CEE falling inflation trend comes to an end

CEE falling inflation trend comes to an end
CEE inflation has fallen from 20-year highs, but that trend is coming to an end as food and service inflation coupled with rising oil prices mean inflationary pressures are rising and central banks may start tightening monetary policy again in 2H24. / bne IntelliNews
By bne IntelliNews April 12, 2024

After spiking to 20-year highs thanks to the pandemic and Europe’s Russian induced energy crisis, inflation rates across the EU have tumbled in recent months. That trend has run out of steam and central banks are expected to start hiking rates again soon, Capital Economics said in a note on April 11.

“While inflation fell further across Central and Eastern Europe (CEE) in March, we think that the recent run of good CPI news is largely over. We expect inflation to rise back above central banks’ target ranges in Hungary and Poland by end-2024 (to near 5%), which will limit scope for interest rate cuts. Our interest rate forecasts across the region generally lie towards the hawkish end of expectations,” Nicholas Farr, an emerging Europe economist with Capital Economics, said in a note.

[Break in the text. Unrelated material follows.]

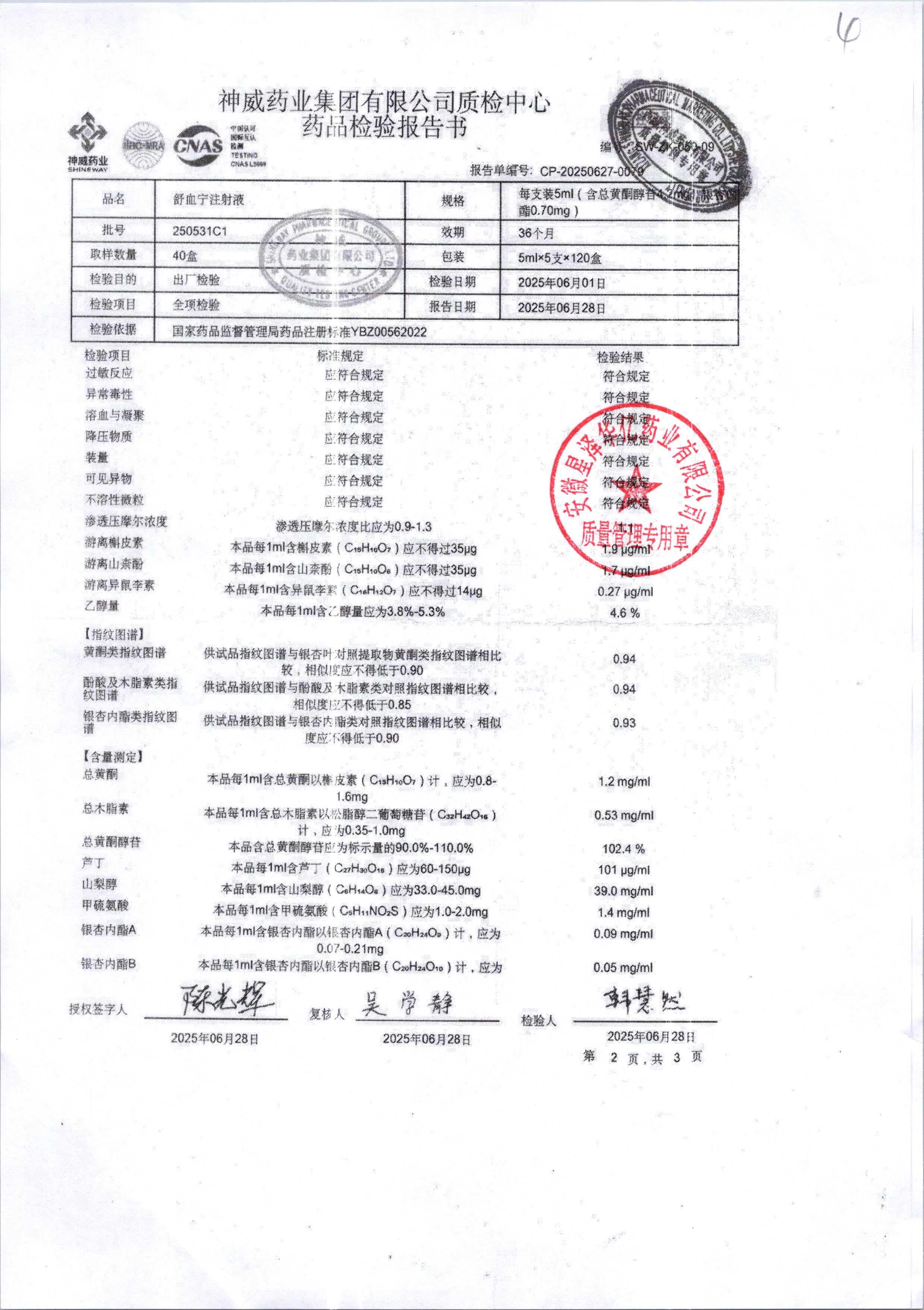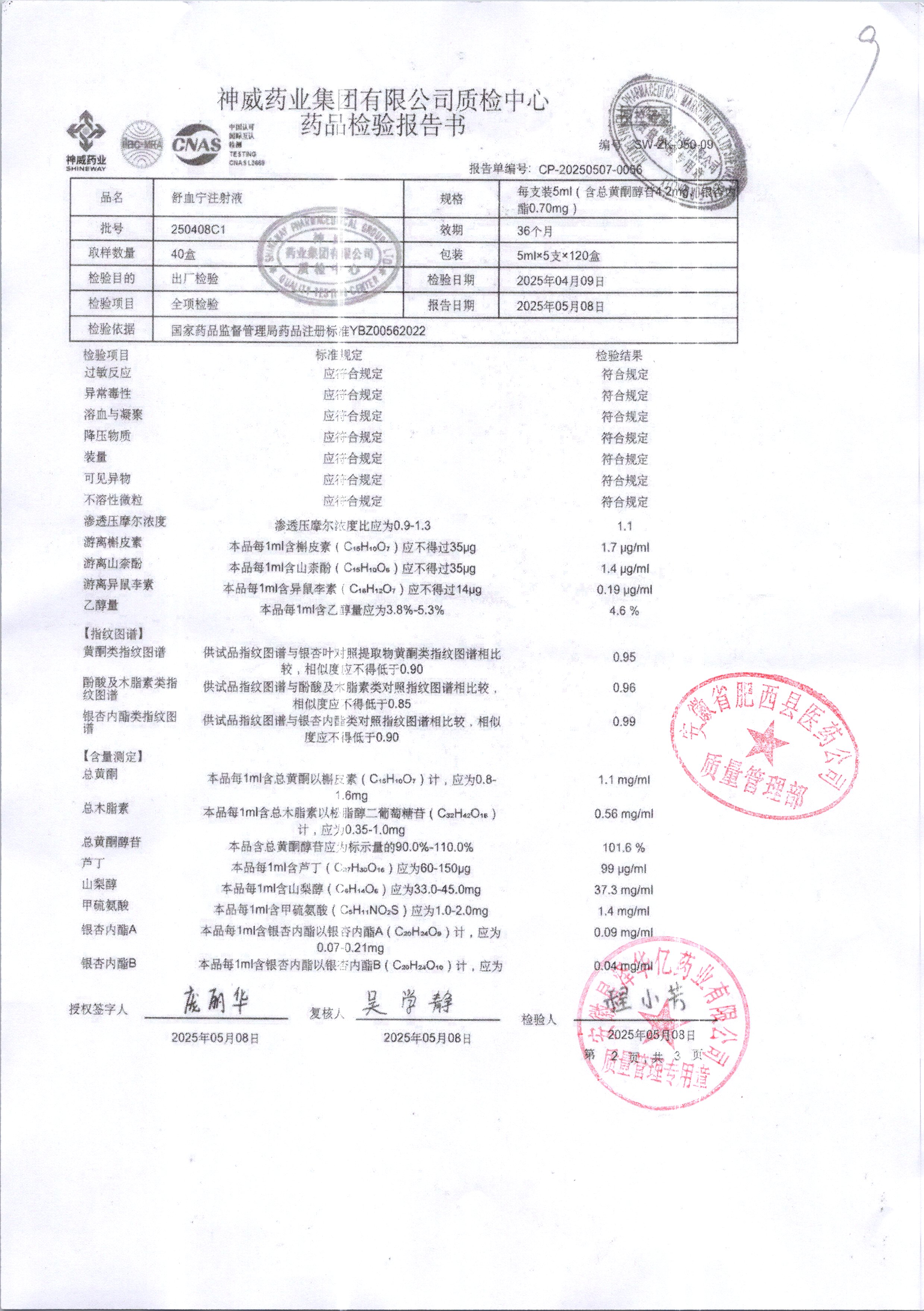 舒血宁注射液 | 5ml*5支 | 250531C1/2 | 查看详情 |

In March, Poland recorded a significant reduction in inflation to 1.9% year on year (chart), Hungary followed at 3.6% (chart) and Romania at 6.6% (chart), while Czechia maintained a steady rate of 2.0% (chart). These figures align with central banks’ targets, except for Romania, signalling a momentary easing of price pressures.




“The falls in inflation have been relatively broad-based, but declines in food and fuel inflation have been particularly sharp. Our measures of regional food and fuel inflation were both in negative territory last month (down a long way from their peaks of over 20% y/y in 2022/23). Core inflation has fallen too, but (outside Czechia) it remains above central banks’ target ranges,” says Farr.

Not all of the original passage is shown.